**EXERCISE DESCRIPTION**
The listing below is to be copied exactly, with pictures excluded.

**DATASET SECTION**
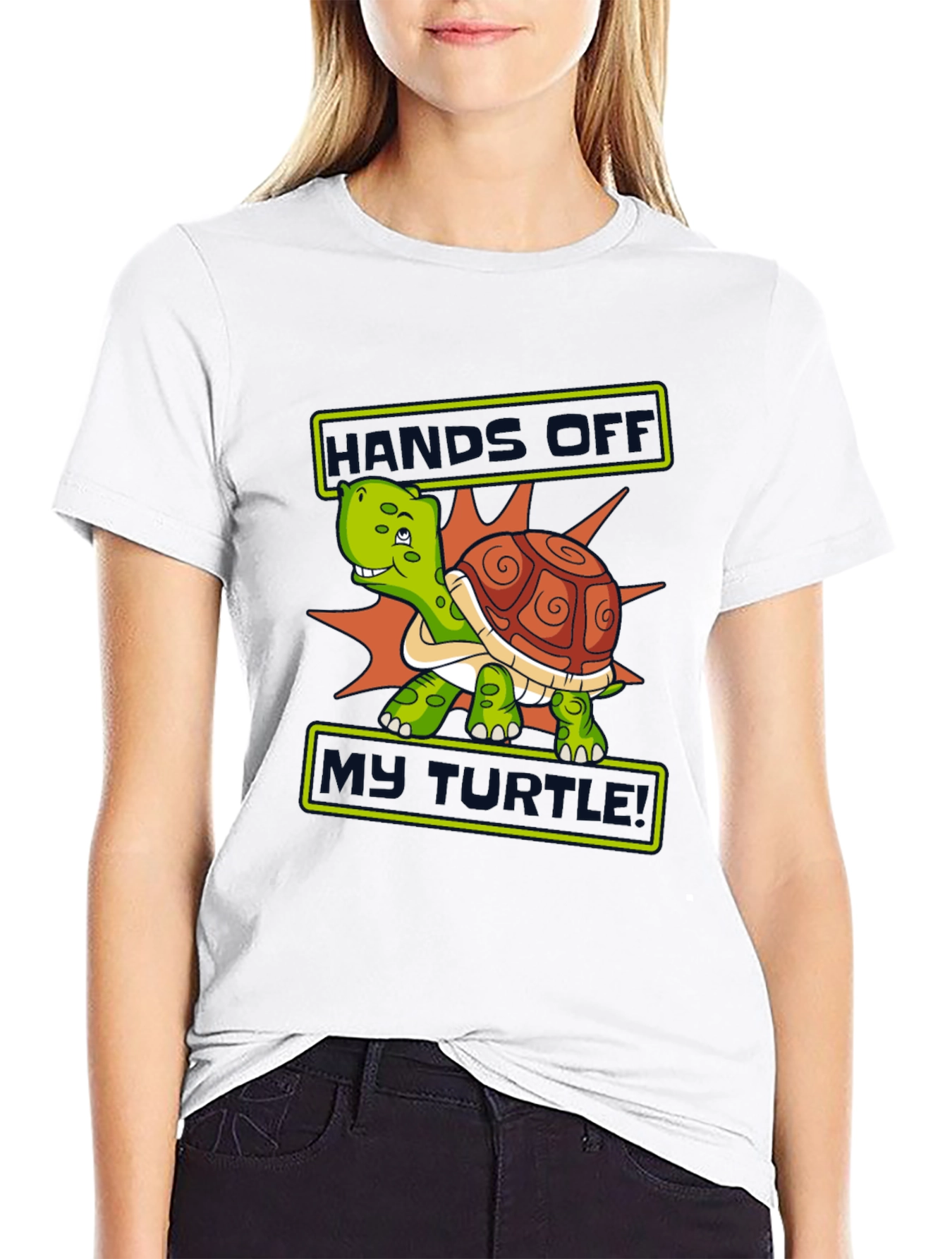 Show off your love for turtles with this unique graphic tee! The shirt features a cartoon turtle with a brown patterned shell, surrounded by a burst design. Above and below the turtle are bold green boxes displaying "HANDS OFF" and "MY TURTLE!" in a striking font. Made from a soft, comfortable material, this black t-shirt is perfect for casual wear. It's a great way to express your personality and make a statement. Ideal for animal lovers, turtle enthusiasts, or anyone who appreciates quirky designs. Pair it with jeans or shorts for a fun and relaxed look.
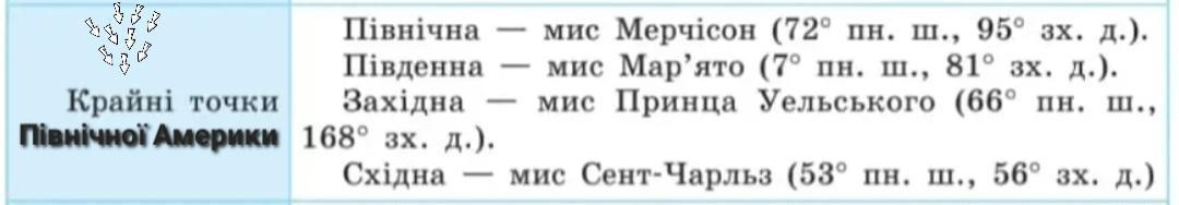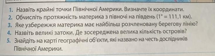 1. Назвіть крайні точки Північної Америки. Визначте їх координати. 2. Обчисліть протяжність материка з півночі на південь (1º = 111,1 км). 3. Яке узбережжя материка має найбільш розчленовану берегову лінію? 4. Назвіть великі затоки. Де зосереджена велика кількість островів? 5. Знайдіть на карті географічні об'єкти, які названо на честь дослідників Північної Америки. Поможіть хто може. Зарання дякую
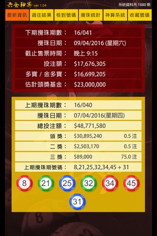 核對號碼:可核對過往2000期以上資料,中過3個字以上所有的結果顯示。

**SOLUTION FOR THIS TASK**
 Show off your love for turtles with this unique graphic tee! The shirt features a cartoon turtle with a brown patterned shell, surrounded by a burst design. Above and below the turtle are bold green boxes displaying "HANDS OFF" and "MY TURTLE!" in a striking font. Made from a soft, comfortable material, this black t-shirt is perfect for casual wear. It's a great way to express your personality and make a statement. Ideal for animal lovers, turtle enthusiasts, or anyone who appreciates quirky designs. Pair it with jeans or shorts for a fun and relaxed look.
 1. Назвіть крайні точки Північної Америки. Визначте їх координати. 2. Обчисліть протяжність материка з півночі на південь (1º = 111,1 км). 3. Яке узбережжя материка має найбільш розчленовану берегову лінію? 4. Назвіть великі затоки. Де зосереджена велика кількість островів? 5. Знайдіть на карті географічні об'єкти, які названо на честь дослідників Північної Америки. Поможіть хто може. Зарання дякую
 核對號碼:可核對過往2000期以上資料,中過3個字以上所有的結果顯示。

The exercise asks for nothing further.